Segment Start: STORED DATA

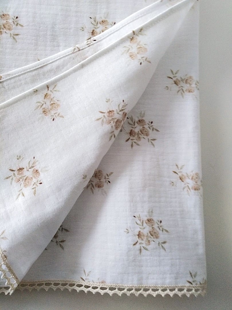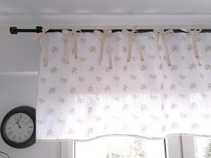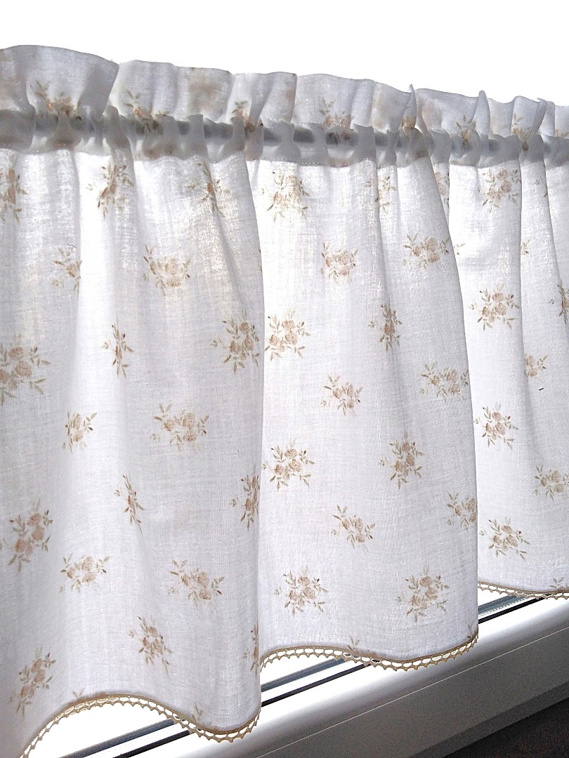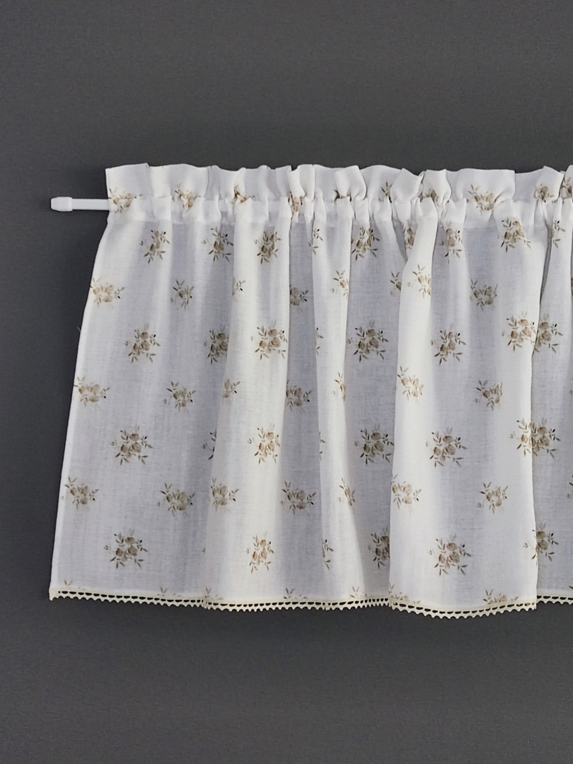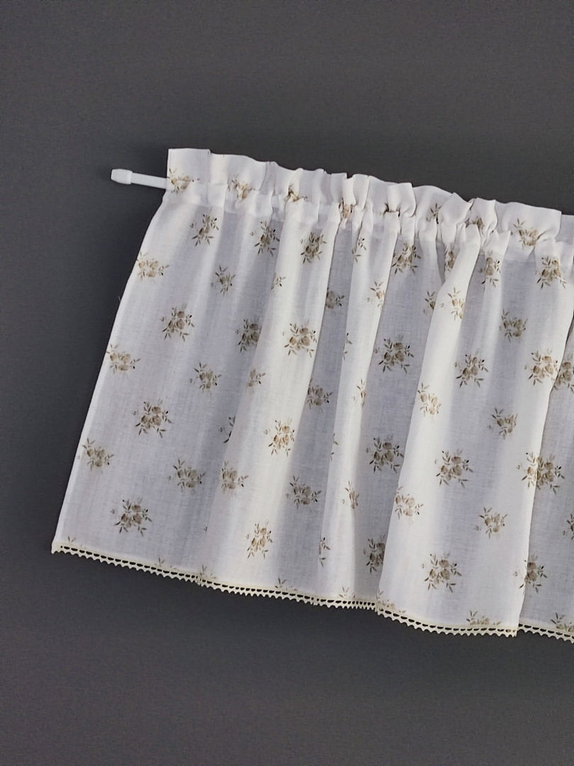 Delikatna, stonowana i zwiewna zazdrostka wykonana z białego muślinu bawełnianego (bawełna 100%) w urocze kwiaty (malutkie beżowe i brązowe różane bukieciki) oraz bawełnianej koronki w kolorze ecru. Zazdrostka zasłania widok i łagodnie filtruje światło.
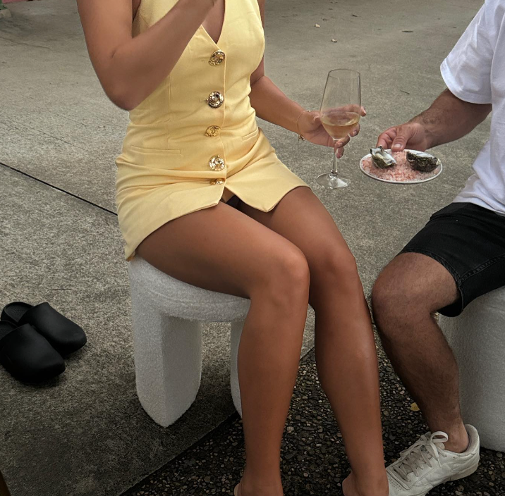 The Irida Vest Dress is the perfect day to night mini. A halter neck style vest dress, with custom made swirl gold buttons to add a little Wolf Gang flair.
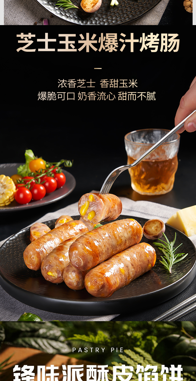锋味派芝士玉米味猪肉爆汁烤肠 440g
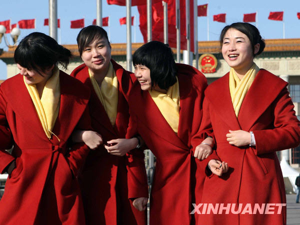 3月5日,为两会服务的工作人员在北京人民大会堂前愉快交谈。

Segment End: STORED DATA

→ **TASK STATEMENT**: From the material above, output every line exactly as written, dropping any picture.

→ **OUTPUT FOR THIS TASK**:
 Delikatna, stonowana i zwiewna zazdrostka wykonana z białego muślinu bawełnianego (bawełna 100%) w urocze kwiaty (malutkie beżowe i brązowe różane bukieciki) oraz bawełnianej koronki w kolorze ecru. Zazdrostka zasłania widok i łagodnie filtruje światło.
 The Irida Vest Dress is the perfect day to night mini. A halter neck style vest dress, with custom made swirl gold buttons to add a little Wolf Gang flair.
锋味派芝士玉米味猪肉爆汁烤肠 440g
 3月5日,为两会服务的工作人员在北京人民大会堂前愉快交谈。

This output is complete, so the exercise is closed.